Mouse neural stem cell genomic data

RNA-Seq and ribosome profiling from mouse neural stem cells obtained from Musashi mouse models is available on GEO (Accession: GSE58423).

Cancer datasets

The Cancer Genome Atlas (TCGA)

Tumor annotations

Gene expression and splicing data

Gene expression and splicing data for tumors from TCGA are available below, for each cancer type.

File formats for all cancer types are the same. Assume X below is a cancer type (e.g. BRCA).

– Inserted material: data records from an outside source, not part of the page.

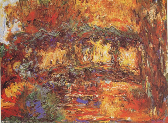 他哀傷(shang) 地說:“紅色對我來說像泥巴,橙色太談,許多顏色都離我而去。”畫中出現的少許紫藍色,據記載是他憑顏料錫管上的標簽來辨認它們(men) 的,因為(wei) 此時的莫奈已經分不清顏色了。莫奈在接受第二次白內(nei) 障手術時,醫生摘掉了他的晶狀體(ti) ,於(yu) 是他看出去一些東(dong) 西又都成紫色,不得不去配了一付黃色的濾色鏡才能看到東(dong) 西。後來的抽象畫派推崇莫奈大師的晚期畫出了“最柔和、最蒙朧、最迷幻的美麗(li) 作品”。
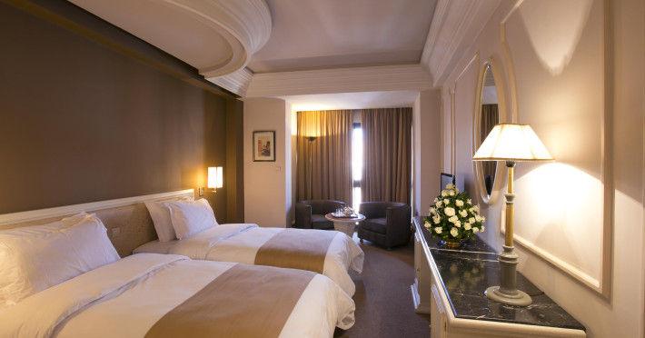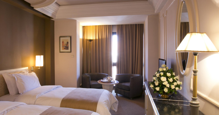 The hotel Hotel Nassim is equipped with a 24h reception, Wi-Fi, parking spaces as well as a TV lounge with satellite TV. In the outdoor area of the property you will find a pool (open all year), where sun loungers are available for free. Furthermore, outside you can find a terrace. You can store your valuables in the safe, and your luggage in the hotel`s storage room. To clean your clothes there is a laundry service. For conventions and other business meetings, the hotel offers a business centre. Catering Your physical well-being is catered for by a restaurant with terrace and the pool bar. The drinks menu of the hotel includes water, soft drinks and wine.
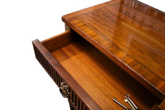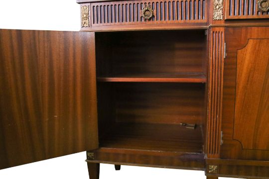 A 20th century Waring and Gillow mahogany veneered sideboard. The three drawers all having textured details and gilt ring handles, positioned over cupboards, raised on tapered square supports with spade feet, H89cm x W190cm x D48cm.
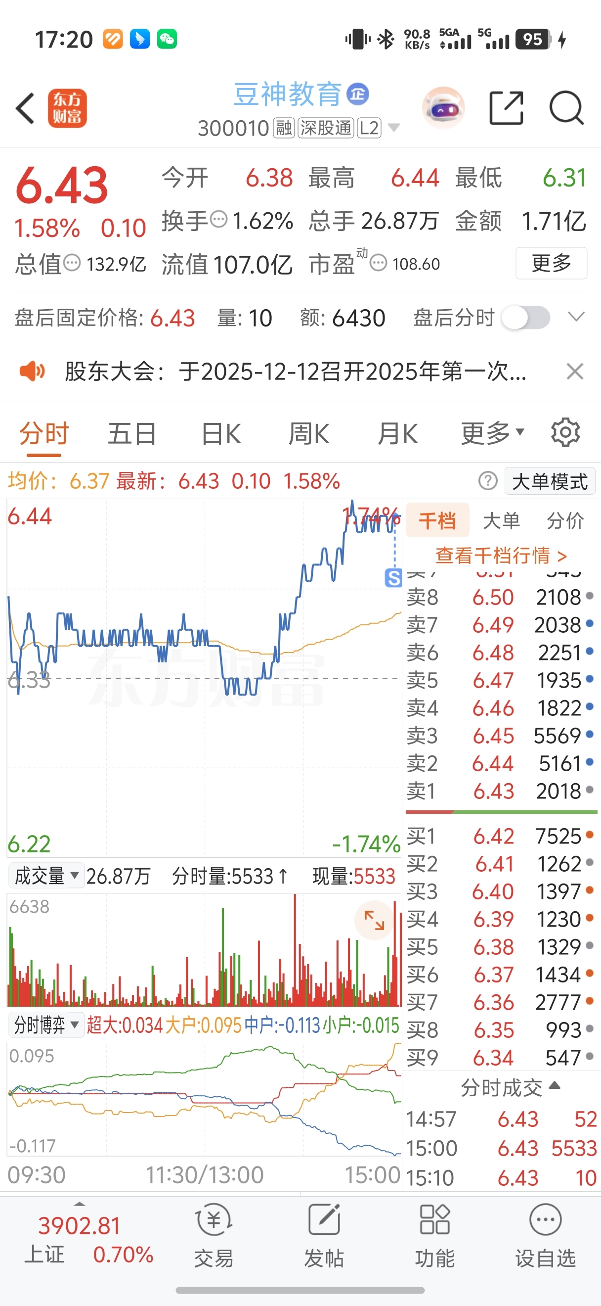 $豆神教育(SZ300010)$ 今天出,下周跌了再接回来
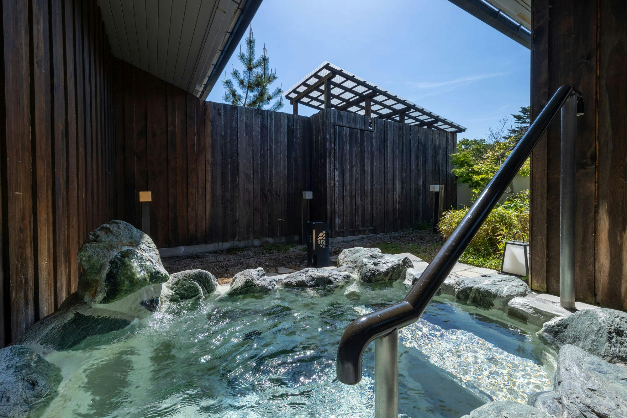 尾瀬の山並みと老神渓谷を一望いただける、広々とした和室とリビングルーム。石造りの露天風呂では、昼間は空と山々に囲まれ夜はライトアップした幻想的なひとときを過ごしていただけます。 全室フリーWiFiを完備。
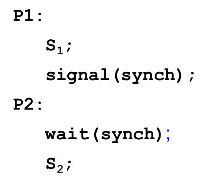 P1에서 S1을 P2에서 S2를 실행하는데, S2는 S1이 끝난 뒤에만 수행되어야 한다.
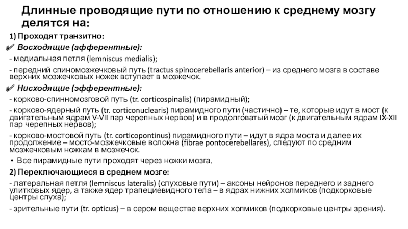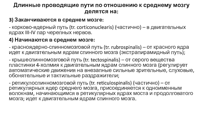 Слайд 13Длинные проводящие пути по отношению к среднему мозгу делятся на:
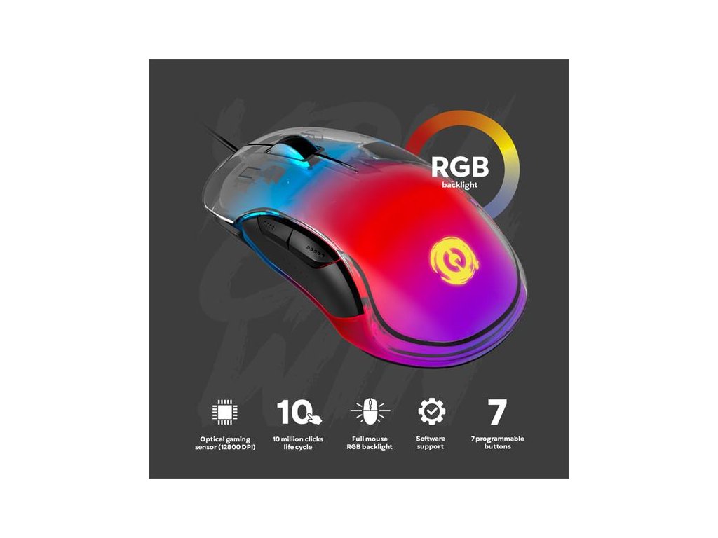 Staňte sa odvážnejšími s hernou myšou Canyon Braver. Vytvorená v priehľadnom kryštálovom dizajne, s gradientovým RGB podsvietením. Vyčnievajte z davu. Jej rozlíšenie dosahuje neuveriteľných 12800 DPI - vďaka senzoru Instant 825 a Huano prepínačom poskytuje životný cyklus neuveriteľných 10 miliónov kliknutí pre ľavé a pravé tlačidlá myši. Keď už hovoríme o tlačidlách, je ich sedem programovateľných a navyše môžete priraďovať makrá. Polling rate je možné nastaviť pomocou špeciálneho spínača. Čo viac môžete získať z hernej myši? Chyťte ju a rozpútajte hru!Vlastnosti / Špecifikácie
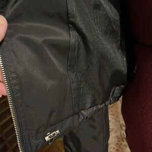 Black Sam Edelman, Moto style jacket, pockets with zippers on both hips, zipper up the front and zipper detail around the neck with leather outline elastic inside to tighten the bottom with snake skin print liner excellent condition
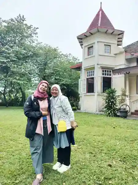 Sambil menunggu rombongan walking tour dari Jakarta, saya pun berjumpa dengan Teh Malia, pemandu kami nanti. Teh Malia, asli Lembang, peneliti dan penulis buku tentang Lembang. Artikel-artikelnya tentang Lembang, bisa dibaca di website bandungbergerak.id. Kami berbincang hangat, melepas kangen, setelah beberapa tahun tidak bertemu, mengenang beberapa walking tour tahun-tahun sebelumnya di grup yang berbeda.
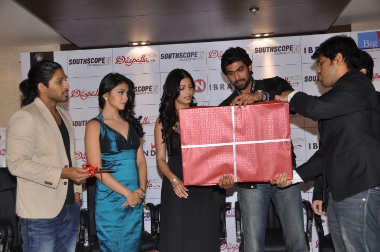 South Scope 2011 Calendar launch event held at Daspalla hotel today. Shriya, Shruthi Hassan, Allu Arjun, Rana Daggubati, Nagachaitanya, Allu Sirish grace this event.

The file formats are as follows:

  • genes.X.txt: genes counts/expression for X tumors (unnormalized)
  • genes.counts_tmm_norm.X.txt: genes counts/expression for X tumors (TMM-normalized)
  • genes.counts_quantile_norm.X.txt: genes counts/expression for X tumors (Upper quantile normalization)
  • exons.X.txt: exon counts/expression for X tumors
  • junctions.X.txt exon-exon junction counts for X tumors

Files beginning with matched.* contain data only for matched patients, i.e. patients with RNA-Seq data from a tumor sample as well as from same-tissue non-tumor sample. For example, matched.genes.counts_tmm_norm.X.txt is the TMM-normalized gene expression data for matched patients in cancer type X. The file matched_samples_annotation.X.txt contains clinical metadata for the matched sample tumors for cancer X.

TMM and upper quantile normalization was performed with normpy.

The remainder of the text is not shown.